A nozzle, D, for the air tube is soldered into the side of A, as shown.

The counterweight is attached to the container by a piece of fine strong twine which passes over two pulleys, mounted on a crossbar of a frame screwed to the sides of the water box, or to an independent base. The bottom of the central pulley should be eight inches above the top of the container, when that is in its lowest position.

For recording purposes, make a scale of inches and tenths, and the corresponding volumes of air, on the side of the upright next the counterweight. The wire, W, is arranged between counterweight and upright so that an easily sliding plate, P, may be pushed down it by the weight, to act as index.

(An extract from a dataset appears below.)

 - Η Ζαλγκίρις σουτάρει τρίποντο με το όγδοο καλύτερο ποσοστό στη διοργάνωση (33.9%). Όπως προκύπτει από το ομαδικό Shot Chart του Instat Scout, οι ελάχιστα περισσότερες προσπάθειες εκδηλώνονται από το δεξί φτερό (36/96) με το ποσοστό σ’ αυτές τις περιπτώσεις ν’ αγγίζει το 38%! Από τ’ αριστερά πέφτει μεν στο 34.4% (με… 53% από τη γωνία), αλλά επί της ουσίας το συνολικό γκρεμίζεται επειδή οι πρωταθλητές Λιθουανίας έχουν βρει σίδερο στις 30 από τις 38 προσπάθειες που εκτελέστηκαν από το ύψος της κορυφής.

Notes.—The pulleys must work easily, to reduce friction, which renders the readings inaccurate. Absolute accuracy is not obtainable by this apparatus, as the rising of the container lowers the water level slightly, and the air has to support part of the weight of the container which was previously borne by the water. But the inaccuracy is so small as to be practically negligible.

A Pressure Recorder.

[Transcribers note: Even with the precautions used in this project, health standards of 2004 would consider any exposure to mercury dangerous. Water could be substituted and the column lengths scaled up by about 13.5.]

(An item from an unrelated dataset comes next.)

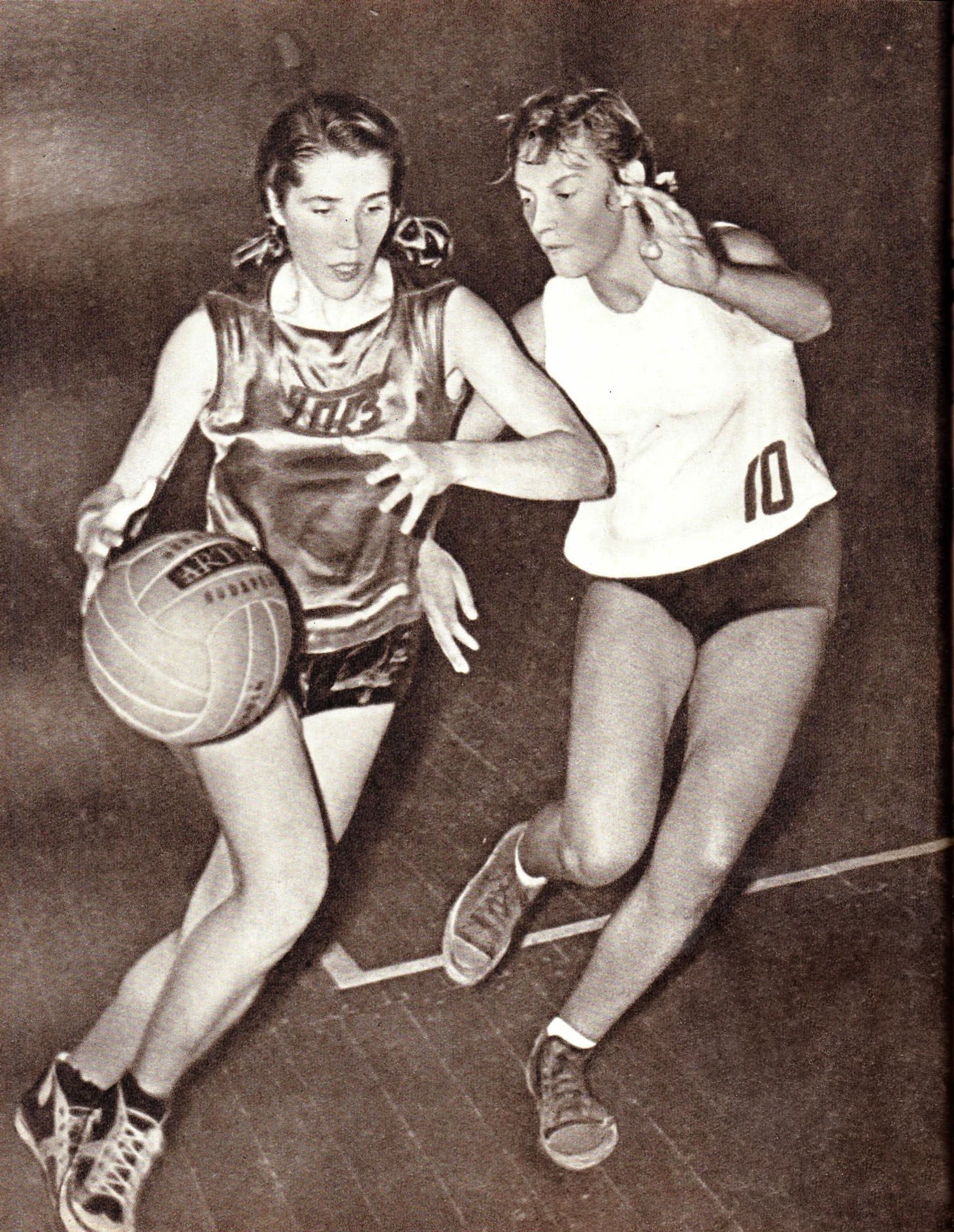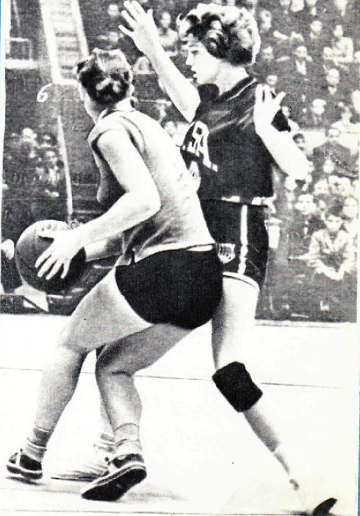 16 августа 1961. Москва. Малая спортивная арена Центрального стадиона им. Ленина. Матч Спартакиады профсоюзов СССР Литва — Эстония — 58:57. Юрате Дактарайте (в желтом) опережает в борьбе за мяч Валентину Куллам. На заднем плане — Гражина Тулявичюте

If mercury is poured into a vertical tube closed at the bottom, a pressure is exerted on the bottom in the proportion of approximately one pound per square inch for every two inches depth of mercury. Thus, if the column is 30 inches high the bottom pressure is slightly under 15 lbs. per square inch.

This fact is utilized in the pressure recorder shown in Fig. 167, a U-shaped glass tube half filled with mercury. A rubber tube is attached to the bent-over end of one of the legs, so that the effects of blowing or suction may be communicated to the mercury in that leg. Normally the mercury stands level in both tubes at what may be called the zero mark. Any change of level in one leg is accompanied by an equal change in the opposite direction in the other. Therefore, if by blowing the mercury is made to rise an inch in the left leg, the pressure exerted is obviously that required to support a two-inch column of mercury—that is, 1 lb. per sq. inch. This gives a very convenient standard of measurement, as every inch rise above the zero mark indicates 1 lb. of pressure.

CONSTRUCTION.

The mercury tube should be made first. Take a piece of glass tubing 20 inches long, and bend it at a point 9 inches from one end after heating in a spirit flame. The legs should be kept as parallel as possible. Lay the tube, while the heated part is still pliant, on a flat surface, the bend projecting over the edge, So that the two legs shall be in line. When the glass has cooled, bend over two inches of the longer leg to an angle of about 45 degrees.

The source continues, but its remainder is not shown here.